As part of the ipyrad.analysis
toolkit we've created convenience functions for easily running common RAxML commands. This can be useful when you want to run all of your analyes in a clean stream-lined way in a jupyter-notebook to create a completely reproducible study.
There are many ways to install raxml, the simplest of which is to use conda. This will install several raxml binaries into your conda path. If you want to call a different version of raxml that can easily be done by changing the parameter 'binary'.
## conda install ipyrad -c ipyrad
## conda install toytree -c eaton-lab
## conda install raxml -c bioconda
Create a raxml object which has a bunch of default parameters associated with it. The only required argument to initialize the object is a phylip formatted sequence file. In this example I provide a name and working directory as well.

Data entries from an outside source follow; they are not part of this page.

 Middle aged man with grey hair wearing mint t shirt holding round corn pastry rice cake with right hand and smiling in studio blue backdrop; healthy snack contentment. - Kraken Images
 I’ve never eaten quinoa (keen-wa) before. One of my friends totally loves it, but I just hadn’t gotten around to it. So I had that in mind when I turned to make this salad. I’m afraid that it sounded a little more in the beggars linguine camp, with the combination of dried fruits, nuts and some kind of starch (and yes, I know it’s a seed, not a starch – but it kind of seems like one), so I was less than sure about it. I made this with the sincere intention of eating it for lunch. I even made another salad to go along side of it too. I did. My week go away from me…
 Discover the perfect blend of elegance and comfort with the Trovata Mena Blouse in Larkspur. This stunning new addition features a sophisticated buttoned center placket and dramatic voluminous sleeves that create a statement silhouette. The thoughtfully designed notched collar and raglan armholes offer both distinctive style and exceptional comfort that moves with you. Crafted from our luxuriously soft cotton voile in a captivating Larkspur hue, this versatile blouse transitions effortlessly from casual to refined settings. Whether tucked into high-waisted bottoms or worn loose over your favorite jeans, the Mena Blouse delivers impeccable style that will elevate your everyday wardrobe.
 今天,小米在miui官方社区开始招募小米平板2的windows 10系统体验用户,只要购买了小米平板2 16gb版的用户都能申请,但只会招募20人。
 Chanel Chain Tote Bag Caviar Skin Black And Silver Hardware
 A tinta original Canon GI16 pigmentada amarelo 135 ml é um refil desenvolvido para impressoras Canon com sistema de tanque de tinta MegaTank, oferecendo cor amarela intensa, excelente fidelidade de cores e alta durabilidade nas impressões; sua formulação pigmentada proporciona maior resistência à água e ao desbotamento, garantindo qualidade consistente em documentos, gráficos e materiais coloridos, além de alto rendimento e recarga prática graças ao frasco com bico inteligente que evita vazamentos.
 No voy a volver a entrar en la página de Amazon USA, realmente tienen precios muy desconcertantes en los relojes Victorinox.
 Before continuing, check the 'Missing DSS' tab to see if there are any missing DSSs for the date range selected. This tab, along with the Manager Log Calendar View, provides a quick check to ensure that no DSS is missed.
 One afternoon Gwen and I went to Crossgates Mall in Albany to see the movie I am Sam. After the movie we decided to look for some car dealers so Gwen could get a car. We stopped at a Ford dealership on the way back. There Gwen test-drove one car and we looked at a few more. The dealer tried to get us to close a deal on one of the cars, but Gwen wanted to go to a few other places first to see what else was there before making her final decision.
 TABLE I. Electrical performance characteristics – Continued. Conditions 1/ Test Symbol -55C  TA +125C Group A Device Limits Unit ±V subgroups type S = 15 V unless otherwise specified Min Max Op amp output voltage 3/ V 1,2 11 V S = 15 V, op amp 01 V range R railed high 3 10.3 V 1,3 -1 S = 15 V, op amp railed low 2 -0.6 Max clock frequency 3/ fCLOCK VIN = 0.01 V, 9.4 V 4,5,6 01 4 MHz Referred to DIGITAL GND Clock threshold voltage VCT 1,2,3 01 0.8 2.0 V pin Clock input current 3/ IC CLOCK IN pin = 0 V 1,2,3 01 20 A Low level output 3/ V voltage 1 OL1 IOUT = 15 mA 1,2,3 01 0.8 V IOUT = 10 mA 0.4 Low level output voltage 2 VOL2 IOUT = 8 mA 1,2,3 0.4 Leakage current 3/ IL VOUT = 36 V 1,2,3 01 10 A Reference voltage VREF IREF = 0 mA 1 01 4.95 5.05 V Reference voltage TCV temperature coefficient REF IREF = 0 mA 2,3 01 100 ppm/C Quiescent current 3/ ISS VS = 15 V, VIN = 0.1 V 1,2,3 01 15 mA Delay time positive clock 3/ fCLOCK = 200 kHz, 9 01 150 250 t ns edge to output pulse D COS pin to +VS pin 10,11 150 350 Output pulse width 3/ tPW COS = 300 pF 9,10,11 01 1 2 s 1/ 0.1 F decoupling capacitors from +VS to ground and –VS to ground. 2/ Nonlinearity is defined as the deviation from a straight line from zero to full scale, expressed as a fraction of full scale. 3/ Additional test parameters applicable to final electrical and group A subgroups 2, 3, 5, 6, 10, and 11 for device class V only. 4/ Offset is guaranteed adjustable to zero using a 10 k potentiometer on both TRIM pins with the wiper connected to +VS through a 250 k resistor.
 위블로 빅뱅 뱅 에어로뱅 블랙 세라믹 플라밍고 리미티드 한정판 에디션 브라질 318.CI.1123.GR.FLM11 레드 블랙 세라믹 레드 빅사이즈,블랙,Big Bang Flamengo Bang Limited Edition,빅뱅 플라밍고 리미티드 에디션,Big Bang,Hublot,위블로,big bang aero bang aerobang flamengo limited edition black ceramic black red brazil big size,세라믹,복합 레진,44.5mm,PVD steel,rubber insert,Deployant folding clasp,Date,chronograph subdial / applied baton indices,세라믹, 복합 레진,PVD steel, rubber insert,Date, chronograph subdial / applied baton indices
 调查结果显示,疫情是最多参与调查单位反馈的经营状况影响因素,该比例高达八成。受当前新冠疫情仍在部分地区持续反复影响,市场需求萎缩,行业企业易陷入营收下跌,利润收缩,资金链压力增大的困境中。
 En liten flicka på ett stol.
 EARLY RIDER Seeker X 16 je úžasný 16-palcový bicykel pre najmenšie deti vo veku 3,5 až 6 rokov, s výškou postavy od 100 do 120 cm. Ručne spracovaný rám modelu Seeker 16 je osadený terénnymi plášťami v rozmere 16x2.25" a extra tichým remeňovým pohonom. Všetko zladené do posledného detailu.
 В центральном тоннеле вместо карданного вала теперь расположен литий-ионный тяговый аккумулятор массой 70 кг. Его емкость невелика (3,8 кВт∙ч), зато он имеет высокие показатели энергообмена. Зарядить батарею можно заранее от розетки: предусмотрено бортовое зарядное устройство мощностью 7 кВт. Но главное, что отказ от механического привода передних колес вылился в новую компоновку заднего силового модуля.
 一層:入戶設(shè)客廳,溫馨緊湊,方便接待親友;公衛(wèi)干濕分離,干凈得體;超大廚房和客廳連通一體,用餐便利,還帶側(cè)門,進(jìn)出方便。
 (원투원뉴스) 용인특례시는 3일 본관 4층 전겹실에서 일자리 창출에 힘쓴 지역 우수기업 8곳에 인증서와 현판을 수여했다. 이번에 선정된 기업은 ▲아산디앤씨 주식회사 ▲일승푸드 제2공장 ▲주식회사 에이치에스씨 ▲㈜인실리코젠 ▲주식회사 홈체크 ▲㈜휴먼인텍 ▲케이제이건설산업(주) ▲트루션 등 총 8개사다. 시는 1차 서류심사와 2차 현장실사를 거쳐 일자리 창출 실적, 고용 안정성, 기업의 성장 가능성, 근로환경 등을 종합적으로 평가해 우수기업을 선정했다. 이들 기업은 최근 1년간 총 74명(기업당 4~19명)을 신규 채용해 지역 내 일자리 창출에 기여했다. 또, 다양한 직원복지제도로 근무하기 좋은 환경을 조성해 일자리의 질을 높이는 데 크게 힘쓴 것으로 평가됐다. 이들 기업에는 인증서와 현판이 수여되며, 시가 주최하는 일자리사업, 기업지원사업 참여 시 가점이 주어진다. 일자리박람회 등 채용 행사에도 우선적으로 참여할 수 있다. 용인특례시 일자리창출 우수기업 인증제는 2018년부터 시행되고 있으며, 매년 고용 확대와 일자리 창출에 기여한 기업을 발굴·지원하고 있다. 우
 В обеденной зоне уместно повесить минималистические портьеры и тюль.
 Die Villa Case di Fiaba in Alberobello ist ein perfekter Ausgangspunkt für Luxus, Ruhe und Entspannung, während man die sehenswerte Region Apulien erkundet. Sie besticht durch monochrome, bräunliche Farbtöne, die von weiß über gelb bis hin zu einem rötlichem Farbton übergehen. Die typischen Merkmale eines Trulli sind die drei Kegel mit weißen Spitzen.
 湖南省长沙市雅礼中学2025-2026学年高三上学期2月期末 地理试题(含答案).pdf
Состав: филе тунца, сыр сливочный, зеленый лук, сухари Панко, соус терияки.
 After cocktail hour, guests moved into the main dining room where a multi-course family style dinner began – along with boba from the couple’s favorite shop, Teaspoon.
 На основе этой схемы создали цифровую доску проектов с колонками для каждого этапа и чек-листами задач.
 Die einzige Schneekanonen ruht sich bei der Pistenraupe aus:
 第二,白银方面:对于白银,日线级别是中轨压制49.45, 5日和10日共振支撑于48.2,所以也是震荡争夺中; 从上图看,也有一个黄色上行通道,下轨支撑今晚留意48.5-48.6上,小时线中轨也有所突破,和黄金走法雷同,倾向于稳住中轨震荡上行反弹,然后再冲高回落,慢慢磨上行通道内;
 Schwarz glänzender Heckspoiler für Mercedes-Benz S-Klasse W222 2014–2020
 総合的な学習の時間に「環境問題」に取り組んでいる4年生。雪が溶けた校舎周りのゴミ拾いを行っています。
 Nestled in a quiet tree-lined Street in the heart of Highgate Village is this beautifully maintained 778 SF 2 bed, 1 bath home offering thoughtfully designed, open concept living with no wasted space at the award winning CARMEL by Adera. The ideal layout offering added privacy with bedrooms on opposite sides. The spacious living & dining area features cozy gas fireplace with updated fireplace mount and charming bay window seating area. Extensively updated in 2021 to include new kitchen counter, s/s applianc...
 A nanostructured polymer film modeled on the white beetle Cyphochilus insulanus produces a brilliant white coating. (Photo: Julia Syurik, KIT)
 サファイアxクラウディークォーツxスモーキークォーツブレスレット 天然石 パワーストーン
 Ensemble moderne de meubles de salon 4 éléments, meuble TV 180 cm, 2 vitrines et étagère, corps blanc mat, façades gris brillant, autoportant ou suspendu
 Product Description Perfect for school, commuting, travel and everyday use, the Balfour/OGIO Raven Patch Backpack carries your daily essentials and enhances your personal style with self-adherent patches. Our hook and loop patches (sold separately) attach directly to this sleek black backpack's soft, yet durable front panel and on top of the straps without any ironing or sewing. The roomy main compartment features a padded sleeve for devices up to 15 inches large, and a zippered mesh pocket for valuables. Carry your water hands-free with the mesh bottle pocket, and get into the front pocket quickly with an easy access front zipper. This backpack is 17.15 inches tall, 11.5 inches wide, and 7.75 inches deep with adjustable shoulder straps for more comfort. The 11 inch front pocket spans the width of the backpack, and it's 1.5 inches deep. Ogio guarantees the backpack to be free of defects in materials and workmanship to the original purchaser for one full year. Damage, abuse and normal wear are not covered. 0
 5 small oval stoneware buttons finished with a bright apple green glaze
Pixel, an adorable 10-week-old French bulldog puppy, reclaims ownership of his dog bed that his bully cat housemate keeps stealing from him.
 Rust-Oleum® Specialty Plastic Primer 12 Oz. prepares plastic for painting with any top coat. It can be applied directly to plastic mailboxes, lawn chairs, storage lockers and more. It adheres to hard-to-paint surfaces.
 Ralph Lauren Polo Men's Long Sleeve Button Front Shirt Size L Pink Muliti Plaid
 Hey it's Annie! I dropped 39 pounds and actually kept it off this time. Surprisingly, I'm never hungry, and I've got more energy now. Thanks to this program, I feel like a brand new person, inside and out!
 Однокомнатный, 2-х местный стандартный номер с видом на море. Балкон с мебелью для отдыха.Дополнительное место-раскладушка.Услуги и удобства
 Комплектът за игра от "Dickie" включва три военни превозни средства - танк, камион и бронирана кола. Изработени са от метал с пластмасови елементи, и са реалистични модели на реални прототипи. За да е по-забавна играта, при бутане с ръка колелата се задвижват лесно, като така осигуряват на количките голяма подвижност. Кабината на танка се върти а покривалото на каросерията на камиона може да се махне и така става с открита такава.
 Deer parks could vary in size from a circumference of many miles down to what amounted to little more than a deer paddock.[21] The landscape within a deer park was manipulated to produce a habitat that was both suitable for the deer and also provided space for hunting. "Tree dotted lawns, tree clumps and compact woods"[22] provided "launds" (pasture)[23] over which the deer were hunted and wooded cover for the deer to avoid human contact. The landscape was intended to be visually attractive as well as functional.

import ipyrad.analysis as ipa
import toyplot
import toytree
rax = ipa.raxml(
data="./analysis-ipyrad/aligntest_outfiles/aligntest.phy",
name="aligntest",
workdir="analysis-raxml",
);
You can also modify many of the other command line arguments to raxml by changing values in the params dictionary of your raxml object. These values could also have been set when you initialized the object.
## set some other params
rax.params.N = 10
rax.params.T = 2
rax.params.o = None
#rax.params.o = ["32082_przewalskii", "33588_przewalskii"]
It is good practice to always print the command string so that you know exactly what was called for you analysis and it is documented.
print rax.command
raxmlHPC-PTHREADS-SSE3 -f a -T 2 -m GTRGAMMA -N 10 -x 12345 -p 54321 -n aligntest -w /home/deren/Documents/ipyrad/tests/analysis-raxml -s /home/deren/Documents/ipyrad/tests/analysis-ipyrad/aligntest_outfiles/aligntest.phy
This will start the job running. We haven't made a progress bar yet but we will add one soon.
rax.run(force=True)
job aligntest finished successfully
One of the reasons it is so convenient to run your raxml jobs this way is that the results files are easily accessible from your raxml objects.
rax.trees
bestTree ~/Documents/ipyrad/tests/analysis-raxml/RAxML_bestTree.aligntest bipartitions ~/Documents/ipyrad/tests/analysis-raxml/RAxML_bipartitions.aligntest bipartitionsBranchLabels ~/Documents/ipyrad/tests/analysis-raxml/RAxML_bipartitionsBranchLabels.aligntest bootstrap ~/Documents/ipyrad/tests/analysis-raxml/RAxML_bootstrap.aligntest info ~/Documents/ipyrad/tests/analysis-raxml/RAxML_info.aligntest
Here we use toytree to plot the bootstrap results.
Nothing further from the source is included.